Has anyone had experience with a horrible mother-in-law? Not the stereotypical joke, but the kind that you figure out after everything falls apart, was you and your spouses main problem? 
She lived near or with us the entire time and before(at my spouse's request).

After a little time of freedom I can see how she manipulates situations and people. Lies to your face and behind your back. Creates an atmosphere of dread for those living around her. 

I can see why my stbx has not attempted to reconcile:
1.her 
2.her mom's poisoned mind and heart
(I heard her telling her it would never work one night.) 

Everything is about her(meaning mom), it sickens me to see what could have been a lovely, smart, strong woman treated like a little girl, but doing grown-up things and being made to feel subservient while being denigrated by someone that should be a nurturer. she will then swoop in to her defense. It amazes me how well you can treat two people and they either ignore it all and don't defend you or they refuse to remember it. Unfortunately, her mom also had influence over me for a while and made things rough for her daughter. After all was said and done she flipped on me in a matter of days. 

The part that gets me the most, is how she claims to see it, but gives in half way into admitting what is reality. 

Any thoughts, personal experience, or advice?
Btw I learned my lesson already never again


----------



## Toffer (Jan 31, 2012)

Agast, 
I know what you mean even though my situation is nowhere as bad as yours was.

My MIL systematically (because of her now dead husband) lost all of her friends. My wife's two other siblings are never around to help the MIL with anything and actually moved about 2 hours away so it all falls in my wife's lap.

My MIL is retired and is at my house almost every day until after she gets fed dinner. My wife will often sit and eat with her leaving me to dine alone most evenings during the week.

If we go out for dinner, the MIL will say that wherever we go is fine, she's not picky. The truth is she's very picky and complains about everything!

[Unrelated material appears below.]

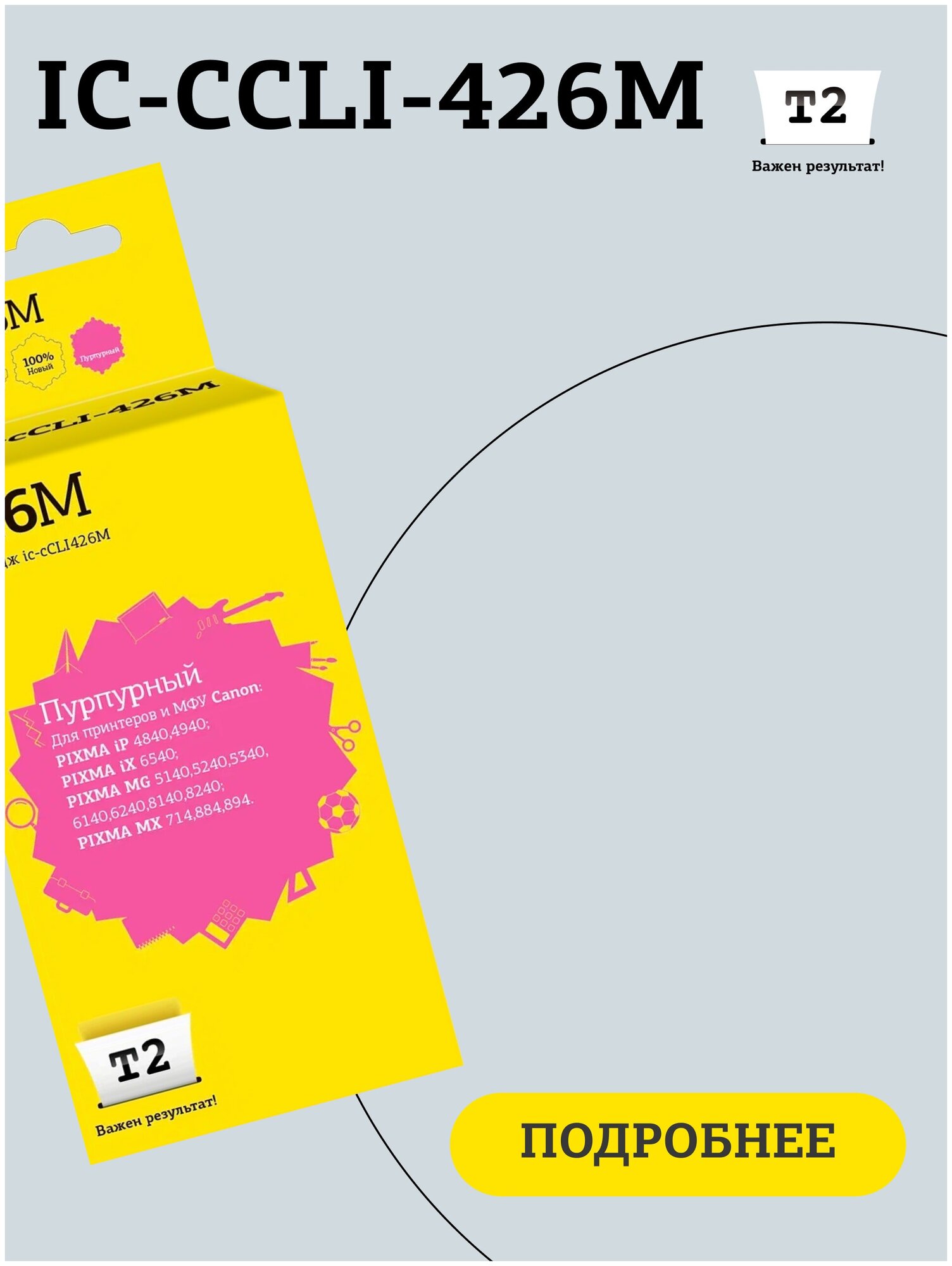 IC-CCLI-426M Картридж T2 для Canon PIXMA iP4840/iP4940/MG5140/MG5240/MG5340/MG6140/MG6240/MG8140/MG8240/MX884, пурпурный, с чипом

I have even told my wife that if her mom ever moved in with us, ther's be a good chance that I would move out and I hope that they'll be very happy together!


----------



## Agast84 (Dec 26, 2011)

Toffer said:


> Agast,
> I know what you mean even though my situation is nowhere as bad as yours was.
> 
> My MIL systematically (because of her now dead husband) lost all of her friends. My wife's two other siblings are never around to help the MIL with anything and actually moved about 2 hours away so it all falls in my wife's lap.
> ...


I always thought it was supposed to be the husband's mom that made the W feel bad, not her own mother. You more or less get what I mean though. I wish things wern't like they are for me, but man, I am glad to be away from her mom(and her in many ways).


----------